Michael, it's the latter -- callouses hiding damaged bones and joints. Callouses are nothing but layers of dead skin. Calcareous deposits on the bones caused by constant impact (bone spurs) likewise are not shock absorbers, but irritants against which tissue rubs and is harmed. do not protect the hands from impact. Such force goes right through those layers of dead skin and right into the joints. I did a lot of informal study into this when I had to take physiology during one of my grad school stints (biology/primate evolutionary ecology). It gave me access to some fine resources, since I was at that fine, hoary institution in Cambridge, Mass.
I believe that people confuse the process of bone-density-building through slow, long-term weight-bearing exercize, with the damaging process of percussive impact "exercize." The two are very different, and only the first is productive.

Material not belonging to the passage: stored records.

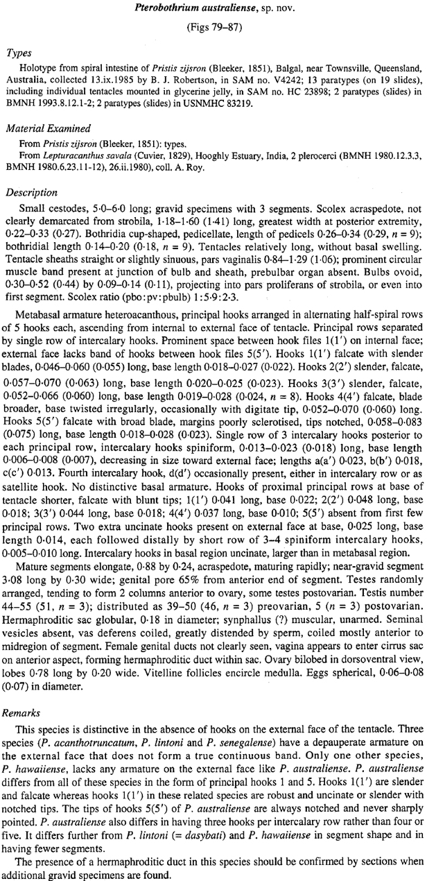 | Voucher Material | From Lepturacanthus savala (Cuvier, 1829), Hooghly Estuary, India, 2 plerocerci (BMNH 1980.12.3.3, BMNH 1980.6.23.1 1-12) |
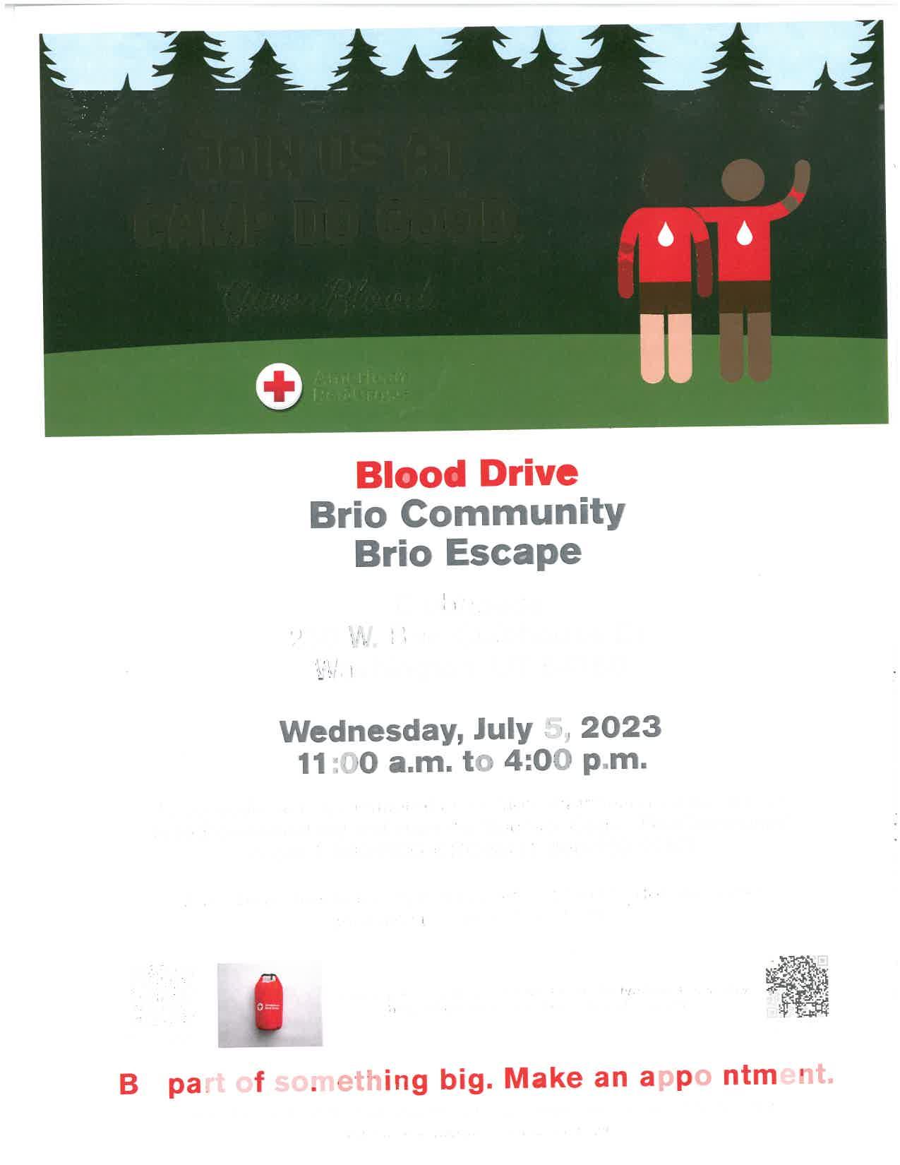 The Red Cross will be here the only time this summer for a blood drive. Register through RedCross.org
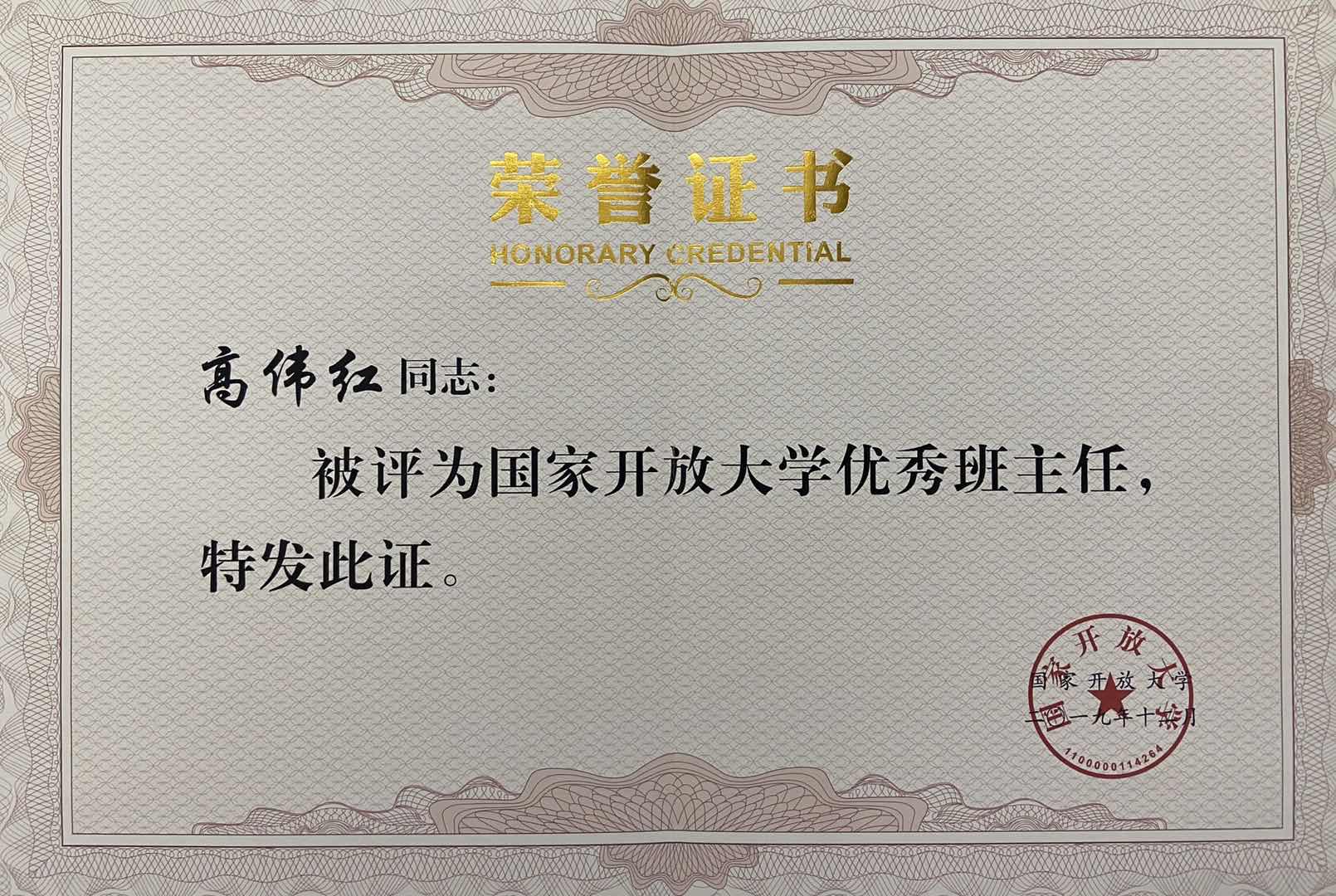我校高伟红同志荣获 “国家开放大学优秀班主任”称号
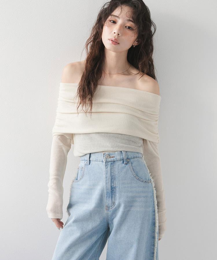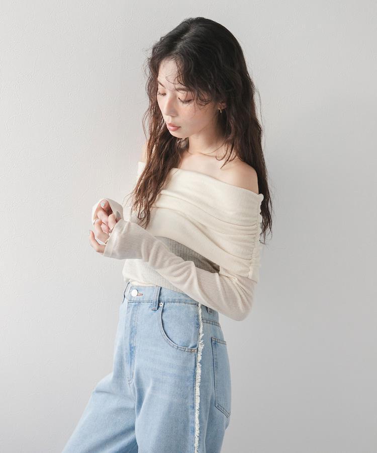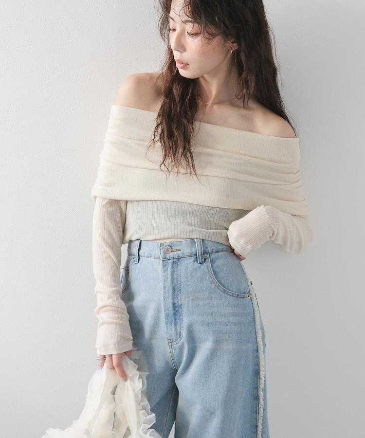 ほんのり透けるシアー感が可愛い!リブ素材のシアーギャザーオフショルトップス
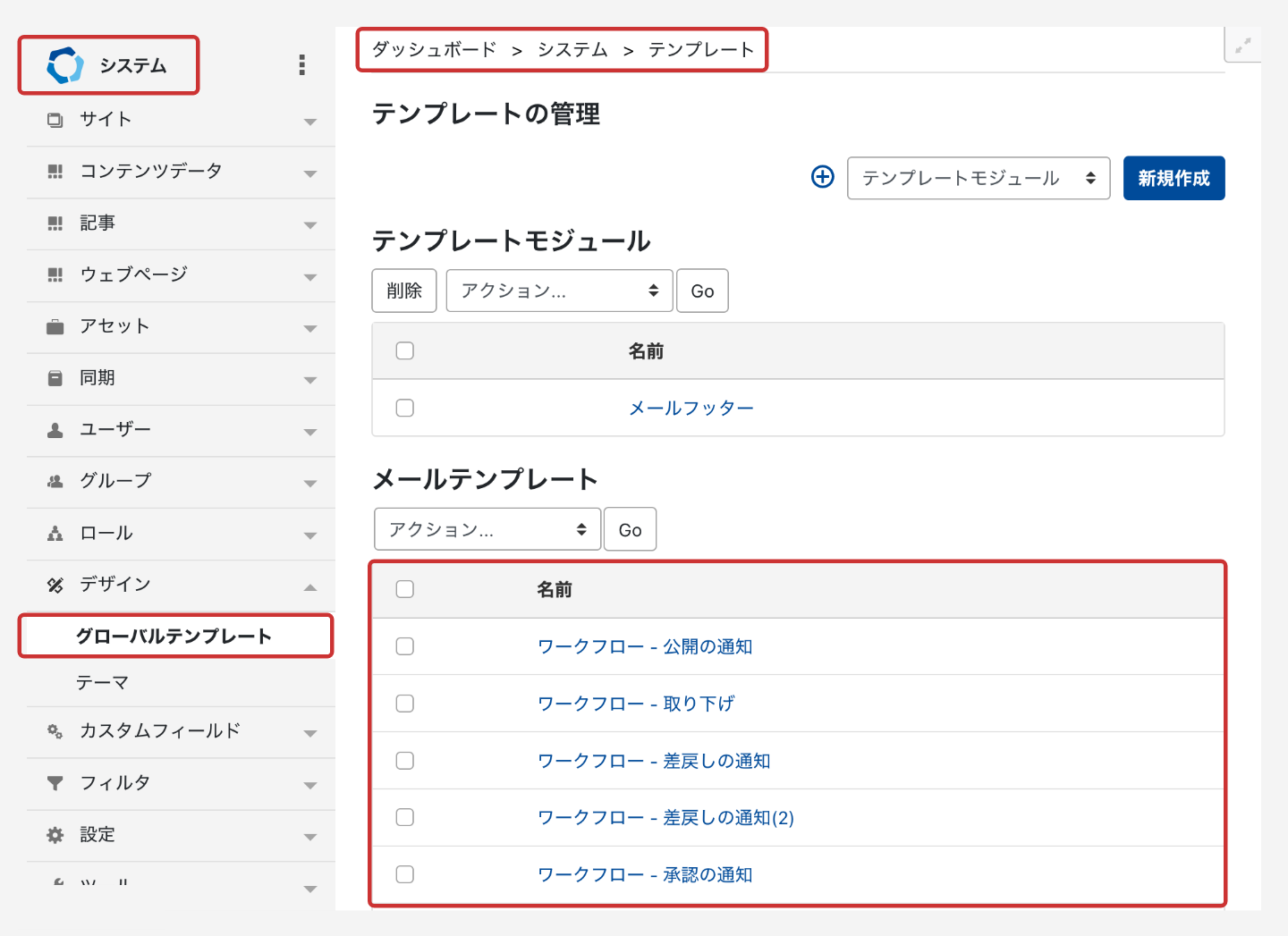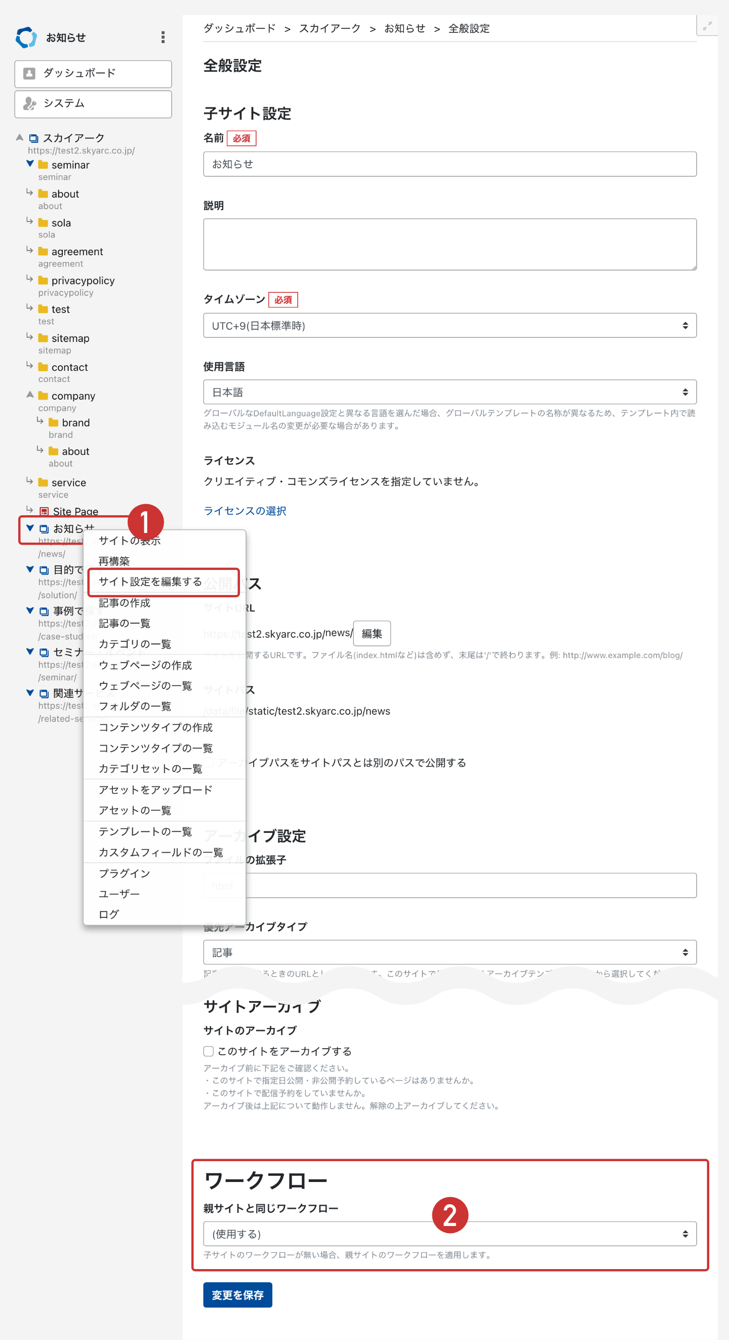 システムのWorkflowプラグイン設定は、全てのサイト/子サイトで共通の設定となります。サイト個別に設定を行うことのできない設定項目ですので、変更の際はご注意ください。

Likewise, slapping the ground hard with the forearms and palms is counter to nature's "intent" for the human body. If you see it as a benefit that you're damaging surface blood vessels, bruising muscles and killing nerves, okay, but the body of such an organism as a human is not meant to take that kind of constant abuse. One pays for it later in life.
Since most people do the damage when they are in their 20s and have better recuperative powers, they may think that the practice is harmless and in fact is useful. When they turn 45 or 50 they may wonder why they are riddled with arthritis, bursitis and other woes, but write it off to "old age."